Every day, I walk my dog to Mt. Hermon Flat. It's quite easy to find (although, really, I hope you won't bother): Walk out the back door of Oakville Terrace and through our backyard; turn left (don't forget to close the gate so the cows won't come in) and walk up the road for about 40 meters; make a sharp right past the gate that announces the "Winterline Centre [sic] for the Arts" and make your way up the steep and rocky path; and as you reach the top, look around you: behind you is Mt. Hermon, an old missionary home/former student dormitory/current staff apartment (don't worry, the residents can't see you from there, and they are rarely outside anyway so you won't see or hear them either); below to the right you might see, through the trees, our house, smoke drifting out the chimney; ahead of you is a rectangular open space about 15 meters wide and 40 meters long; to the left is a wooded valley, some hills, and off in the distance, peaking through the morning gloaming, are the peaks of the Himalaya. The deodar trees above sway gently in the breeze. Further up is the clear sky, punctuated by one star hanging on. In the grass near the edge that overlooks the mountain range is a small clay cup and saucer -- the cup has some flower petals inside and the saucer some sugar and a coin. Try not to disturb these. Someone has been here recently to do a puja ceremony to the local deity. The deity, by the way, must be around you, surrounding you, overwhelming you, but don't expect to see a small altar or flashing neon lights.

You might think that "Flat" is an odd name for this place. There isn't much flat space. If you walk ahead, the ground rolls around you; you take three steps up a small embankment and are surrounded by new trees and scrub; you skip over a boulder and watch your footing on the narrow gravel path, or you may tumble down a very steep khud, down the steep ravine.

There is so much for the dog to investigate. His tail curls high above him and his nose rarely leaves the ground as he scampers from tree to rock to fallen wood rose. What does he sense? What was here last night? Certainly no humans; this is one place that is relatively free of footprints and litter. Perhaps a leopard? You've never seen one, but you hear stories. Perhaps jackals? There were two on the path in front of the house last week. The dog freezes, paw up, pointing, before charging into the brush. An explosion of feathers startles you; three mountain quail take flight as the dog yelps in excitement. Or perhaps it's distress; he so desperately wants to catch one. You can't help it, you laugh.

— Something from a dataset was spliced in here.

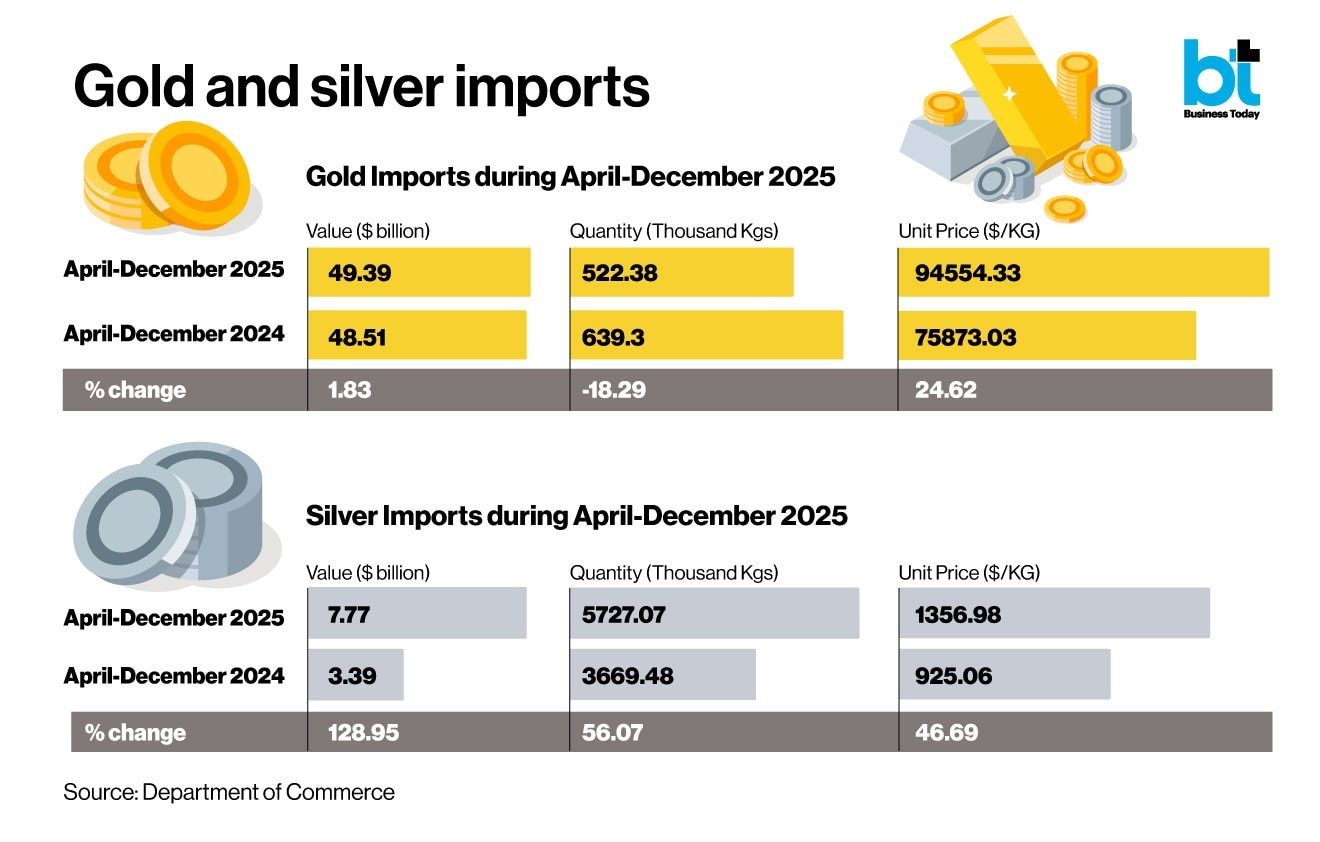 Commerce ministry officials, however, pointed out that while the quantity of gold imported between April and December 2025 decreased its price increased significantly, leading to the rise in the import bill. The quantity and value of silver imports both increased substantially. In the case of gold, between April and December 2025, imports recorded a 1.83% growth in value terms, primarily driven by a 24.62% increase in unit prices, despite 18.29% decline in the quantity.

You can pause here on Mt. Hermon Flat, watch the mountains absorb the morning light, reflect on the possibilities of life and beauty. It's a solitary spot, yet it's so close to home. Whistle to the dog and the neighbors can hear.

I hope you don't ever visit. I don't want you to spoil it. But I do want to share this place with you. I want you to experience the beauty and tranquility. Perhaps tonight? You don't want to miss seeing the clouds around the mountains burst into color -- from white to pink to many shades of red to gray. It lasts a few minutes. Don't bother bringing a camera; you can't capture this. Any of it.